Russ breaks away from his bottle, staring wide-eyed and slack-jawed up at the big person. His toothless gums show, and his neck is still slightly wobbly in that infant way. Gurgling once, he decisively reaches up and takes hold of the outstretched finger--an impressive grip, for an infant. Drew shivers once, but smiles at the contact; a wistful expression triggered by the meeting of a big, scarred Walker and the son of a big, scarred Walker.
He actually smiles a little, this big, scarred Walker, a rare and strange expression on that ruined devil's face. And after a moment or two, he extracts his finger from the baby's grasp -- again, with a delicacy that's almost humorous -- and straightens up to look at Drew. "Thank you."
Drew tilts her head back to squint up at him. "..You're welcome, Jack." She sounds sincere. Clearing her throat, the kinswoman murmurs, "It's--hard. To see you. /Any/ of you. I don't want to lose... anyone else." She swallows, a visible twist of her fragile throat. "But I'm trying."
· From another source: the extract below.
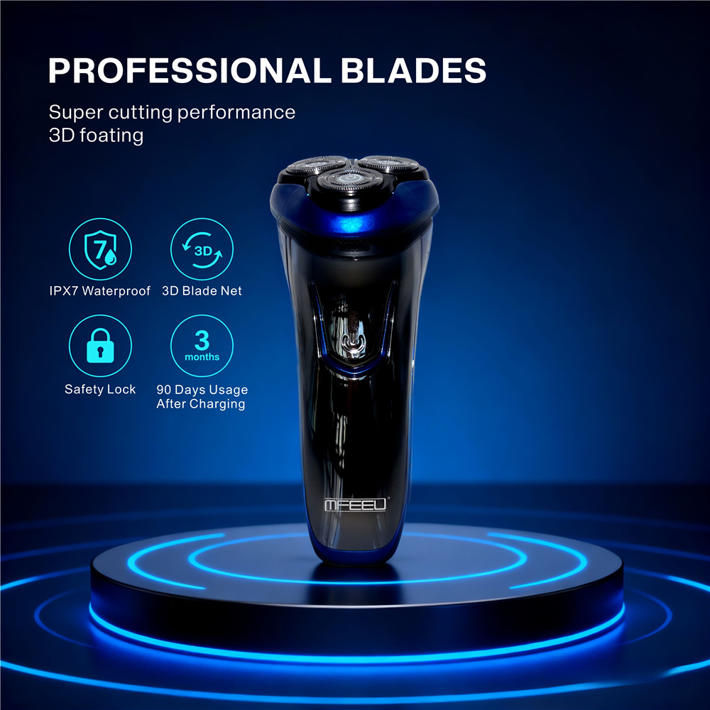 2x1.2v 400mAh nickel-cadmium battery three-head razor, ABS+AS, 8-hour three-head rechargeable razor head, 3W water wash
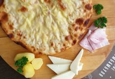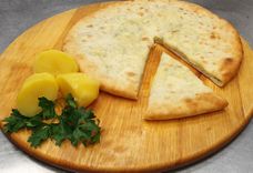 700 г • тонкое дрожжевое тесто, отварной картофель, традиционный осетинский сыр, грудинка копченая, сливочное масло

Salem nods, his gaze drawn back to little Russell. "I appreciate that, Drew." He looks back at her. "I'll leave you in peace now. May I, ah, come over again sometime?"
Russell's still staring at Salem--slightly crosseyed--as his mother nods. "Make sure you call first," she murmurs, after a moment's thought. There's a slight smile on her lips, tinted though it is by long-held grief.
"I will," the Walker promises. He inclines his head to her, almost a bow, so terribly polite, and then gives the baby another faint smile. "Good night," he says, to both of them, and then lets himself out.
Drew watches him go, lifting one of Russell's tiny hands in a waving motion. "..Bye Jack," she whispers.